Em 2018, o então ministro da defesa de Israel, Avigdor Lieberman, disse: “O IDF é o exército mais moral do mundo”.
Alguns soldados israelenses discordam.
Um relatório contundente da Breaking the Silence, uma organização de veteranos de combate esquerdistas, sobre a conduta do exército de Israel durante sua última grande guerra contra o Hamas em 2014, acusou os militares de operar uma “política de fogo aberto leniente” em Gaza. O relatório disse que os comandantes israelenses pediram ações “brutais e antiéticas” e encorajaram os soldados a se comportarem agressivamente com os civis palestinos.
O diretor executivo do grupo, Avner Gvaryahu, disse que os militares israelenses não se propuseram a matar civis intencionalmente, mas que usam rotineiramente a força desproporcional.
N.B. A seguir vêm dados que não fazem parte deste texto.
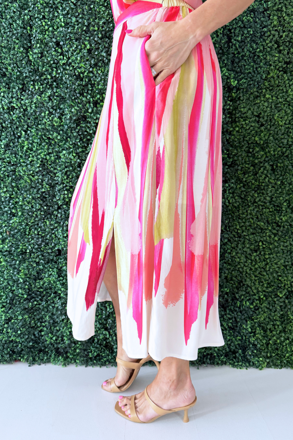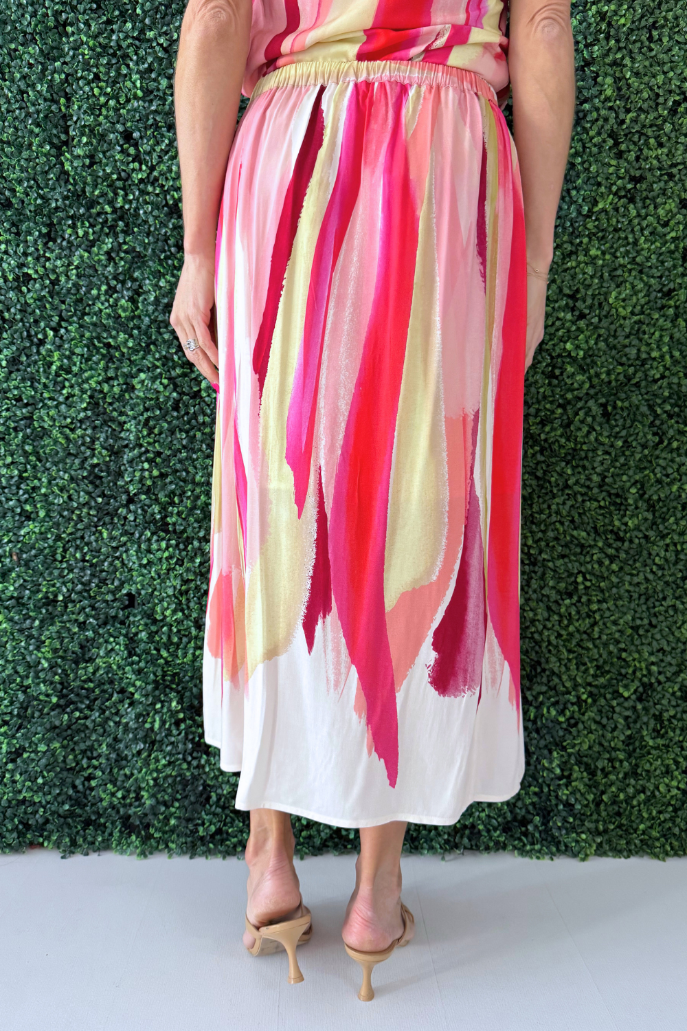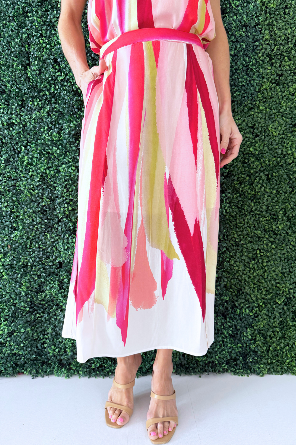 The Pull-On Woven Maxi Skirt brings effortless style and comfort together with its eye-catching stripe design and flowy silhouette. Made from lightweight woven fabric, it drapes beautifully and keeps you cool throughout the day. The pull-on waistband offers an easy, flattering fit, making it a go-to piece for everything from casual outings to vacation looks. Pair it with the matching flutter sleeve top for a coordinated set or style it with a simple tank for a relaxed vibe.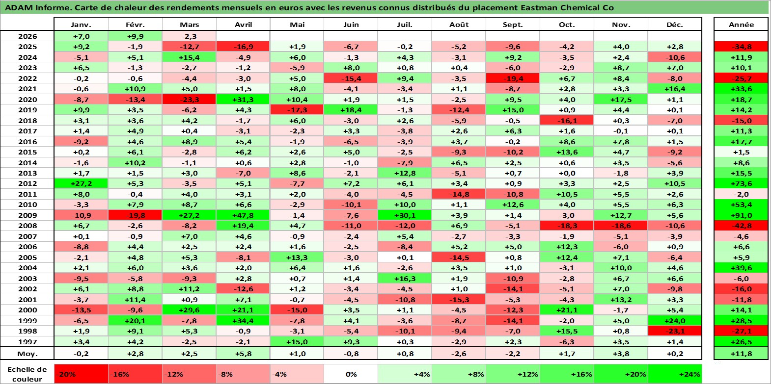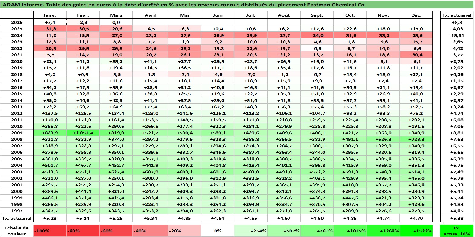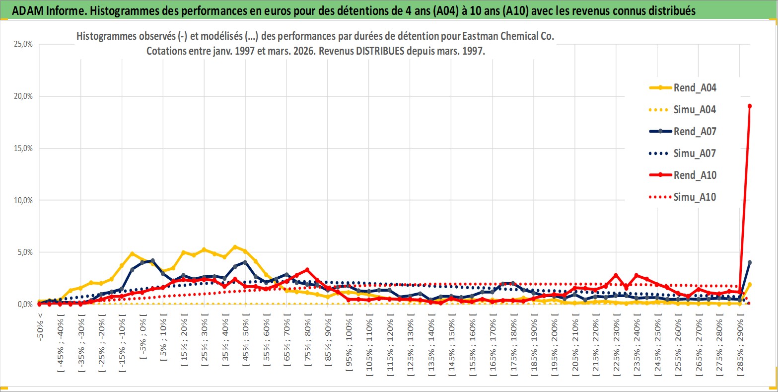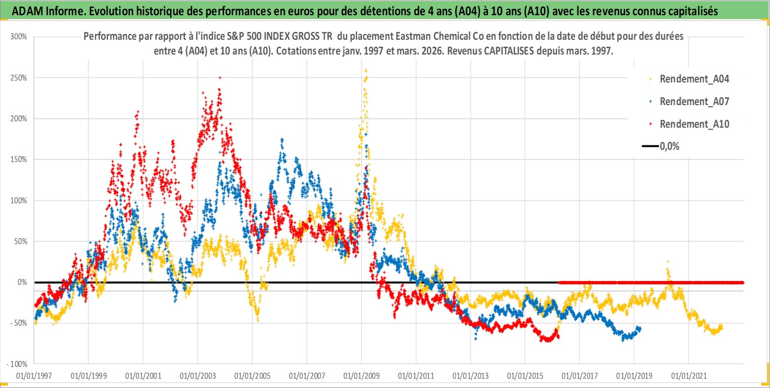 Site dédié aux investisseursPage dédiée sur site financeAnalyse des valorisations hebdomadaires de l'action Eastman Chemical Co. Cet actif est cote en USD. Les valorisations sont en contrevaleur EURO et couvrent les semaines 1997W01 a 2026W13. Les revenus de cet actif financier sont pris en compte depuis la semaine 1997W11. La note globale ESG de cet actif est estimee a 7.0 (apres rebasage entre 0 et 20).

Ele apontou o uso de artilharia nos últimos dias para atingir alvos com munições que podem matar qualquer pessoa em um raio de até 150 metros, ou quase 500 pés.
“Isso diz muito sobre o fato de que não estamos fazendo tudo ao nosso alcance para evitar vítimas civis”, disse Gvaryahu.
Outros rechaçam a insistência de Israel de que o Hamas é o culpado pelas baixas civis porque opera em áreas residenciais. Em um lugar densamente povoado como Gaza, “quase não há como lutar sem expor os civis ao perigo”, disse Nathan Thrall, autor de um livro sobre Israel e os palestinos.
O Sr. Thrall observou que a sede das Forças de Defesa de Israel ficava em uma parte residencial de Tel Aviv, ao lado de um hospital e um museu de arte.
Pesquisadores de direitos humanos dizem que o Hamas controla estritamente as informações sobre as mortes de civis em Gaza para esconder suas perdas e fracassos.
Embora a lista de vítimas fornecida pelo Ministério da Saúde local – a fonte para o número de 192 mortes nos últimos seis dias – seja geralmente precisa, eles dizem, o Hamas não disse quantos dos mortos são militantes ou foram mortos pelo Hamas mísseis que falharam e explodiram dentro de Gaza.
Mas outros encontraram evidências. Durante os combates em 2019, a Human Rights Watch relatou, pelo menos dois foguetes palestinos caíram dentro de Gaza, matando um civil e ferindo outros 16.
Talvez a maior tragédia sobre as mortes de civis, disse Adil Haque, professor da Rutgers Law School, especializado em direito internacional e conflitos armados, é que eles se tornaram uma forma de os beligerantes mostrarem sua força antes de concordarem inevitavelmente com outro cessar-fogo.
“Os civis estão presos entre os dois lados”, disse ele. “O Hamas quer mostrar que pode sobreviver ao ataque israelense, e Israel quer mostrar que é o partido mais forte.”
“Ambos os lados podem parar se quiserem”, acrescentou. “Mas nenhum dos dois está disposto a parar primeiro.”
Vivian yee e Iyad Abuheweila contribuíram com relatórios.